> TASK REQUIREMENTS
Please set down the data again exactly, minus the pictures.

> SUPPLIED MATERIAL
-.-.-

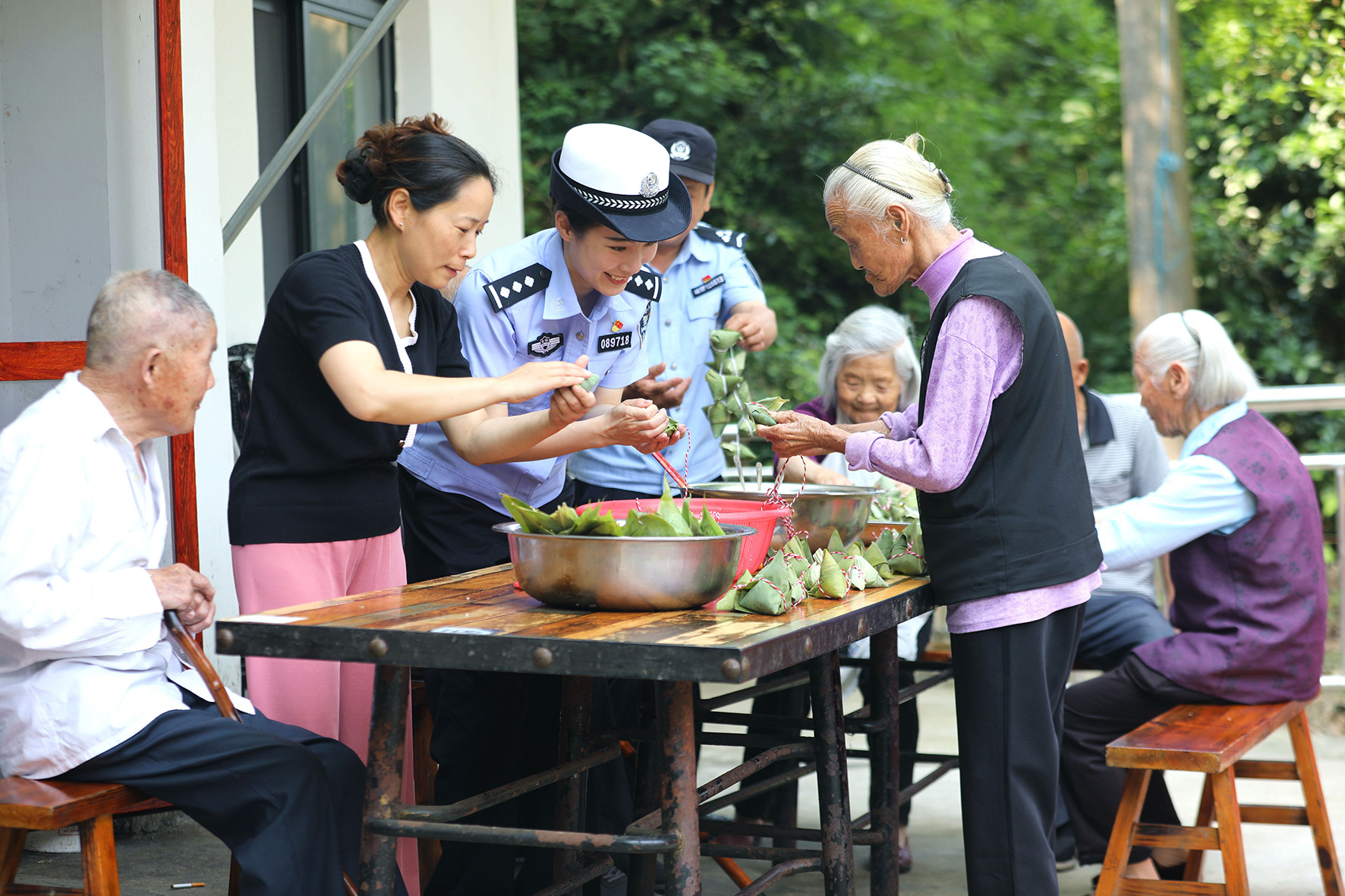 6月9日,安徽省舒城縣公安局交管大隊(duì)聯(lián)合五顯派出所走進(jìn)轄區(qū)敬老院,與老人們一起包粽子,宣講出行、用電等方面安全知識(shí)。
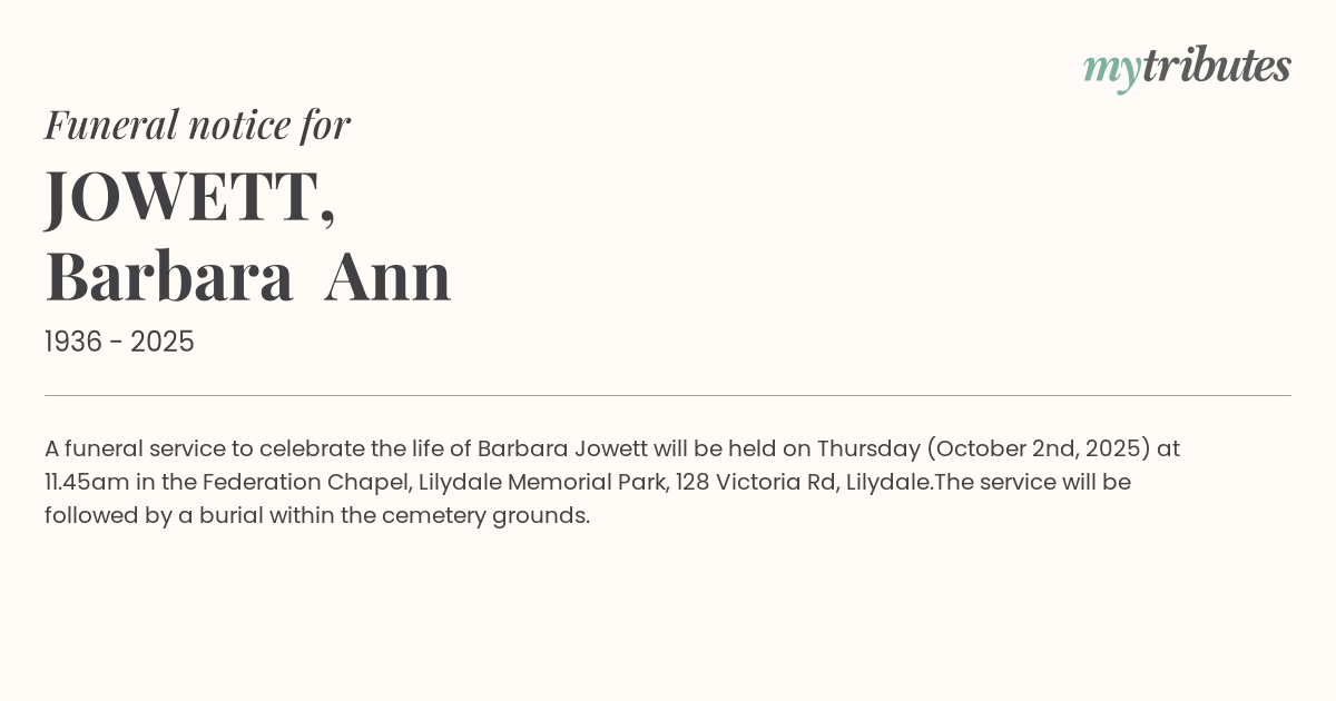 A funeral service to celebrate the life of Barbara Jowett will be held on Thursday (October 2nd, 2025) at 11.45am in the Federation Chapel, Lilydale Memorial Park, 128 Victoria Rd, Lilydale.
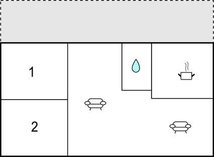 Badezimmer (nr. 1) - WC. Warmes und kaltes Wasser. Dusche

-.-.-

> SOLUTION TO THIS TASK
 6月9日,安徽省舒城縣公安局交管大隊(duì)聯(lián)合五顯派出所走進(jìn)轄區(qū)敬老院,與老人們一起包粽子,宣講出行、用電等方面安全知識(shí)。
 A funeral service to celebrate the life of Barbara Jowett will be held on Thursday (October 2nd, 2025) at 11.45am in the Federation Chapel, Lilydale Memorial Park, 128 Victoria Rd, Lilydale.
 Badezimmer (nr. 1) - WC. Warmes und kaltes Wasser. Dusche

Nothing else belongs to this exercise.